SAN FRANCISCO (AP) — Google has lured away Morgan Stanley's chief financial officer, Ruth Porat, to be its CFO at a time when the Internet search leader and its Silicon Valley peers are under fire for hiring and promoting too few women.

The appointment announced Tuesday fills a void that opened earlier this month after Google's CFO of the past seven years, Patrick Pichette, announced his plans to retire.

Porat, 58, will become Google's highest-ranking female executive when she starts her new job on May 26. Her last day at Morgan Stanley will be April 30, ending a 28-year career at the New York investment bank.

Google Inc. and other Silicon Valley heavyweights, including Apple Inc. and Facebook Inc., are trying to add more women to their payrolls. The push began during the past 10 months after the companies released data revealing that women only filled 15 to 20 percent of the tech jobs, which tend to pay the most.

Kleiner Perkins, a venture capital firm that has financed Google and other prominent technology companies, is currently embroiled in a San Francisco trial that is airing embarrassing allegations of sexual discrimination. In the past week, sexual discrimination lawsuits have been filed by women who formerly worked at Facebook and Twitter.

Porat's defection from a top job on Wall Street serves as the latest reminder of the technology industry's allure as its products reshape culture and enrich the companies creating them.

Google has been at the forefront of upheaval during the past 15 years. Besides building the Internet's dominant search engine and digital ad network, the Mountain View, California, company also boasts the top mobile operating system in Android and the most popular video site in YouTube, as well as the popular Chrome browser and Gmail service.

The success has spawned three multibillionaires — Google CEO Larry Page, co-founder Sergey Brin and Executive Chairman Eric Schmidt. Thousands of other Google employees, including its former chef and masseuse, have become millionaires.

Google, which started in 1998 in a Silicon Valley garage after raising $100,000, now has a market value of nearly $400 billion. Morgan Stanley, founded in 1935, has a market value of about $72 billion.

The terms of Porat's contract at Google weren't immediately disclosed. She received compensation valued at $10.1 million from Morgan Stanley in 2013. Pichette received compensation valued at $5.2 million in the same year.
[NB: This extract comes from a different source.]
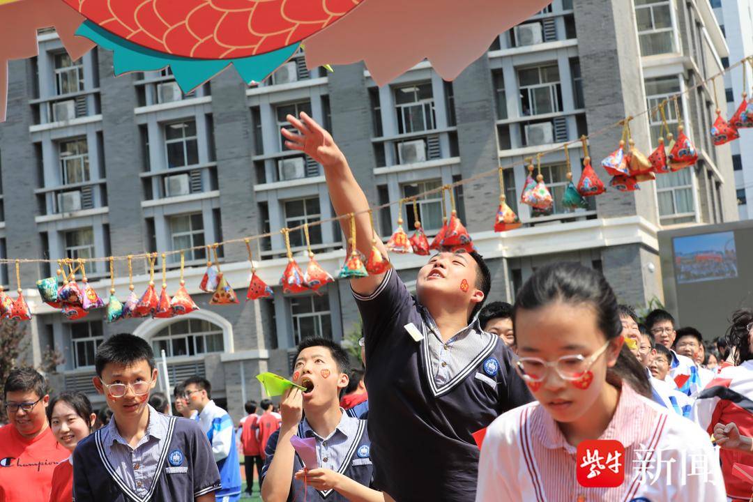 操场上,一座“鲤跃龙门”十分抢眼,龙门上悬挂着一只只彩色的粽子。毕业班的同学们挨个与任课老师击掌,跑向“龙门”,放飞承载梦想的纸飞机,既有“鱼跃龙门”,又有“高中”的寓意,仪式感满满。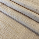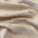 Meka pamučna gaza sa zlatnim foil detaljima koji tkanini daju suptilan sjaj i elegantan izgled. Izrađena od 100% pamuka, ova tkanina je prijatna za kožu, prozračna i udobna, idealna za tople dane. Zahvaljujući svom blago strukturiranom izgledu i sjajnim akcentima, pogodna je za izradu modernih bluza, haljina, tunika, dečije odeće.

Porat, Morgan Stanley's CFO since 2010, won Wall Street's respect for helping the bank regain its financial stability after sinking into deep trouble along with much of the rest of the financial-services industry during the Great Recession. Her investor-friendly attitude fed speculation that Google may be more apt to return some of its $64 billion in cash to shareholders, either through dividends or by buying back stock.

Porat has California roots and connections on Google's board of directors.

Although Porat was born in England, her father was a physicist who spent 26 years working at Stanford University, where she received her undergraduate degree in economics and international relations in 1979.

She also sits on Stanford's board of trustees with two members of Google's board, K. Ram Shriram and John Hennessy. Hennessy, who is also Stanford's president, is Google's lead independent director.

Google's shares rose $12.17 to close Tuesday at $577.54. The stock has been lagging the overall market for the past 15 months, partly because of investors' frustration with Google's history of spending heavily on far-flung projects, such as driverless cars and Internet-connected glasses, which may take years to pay off.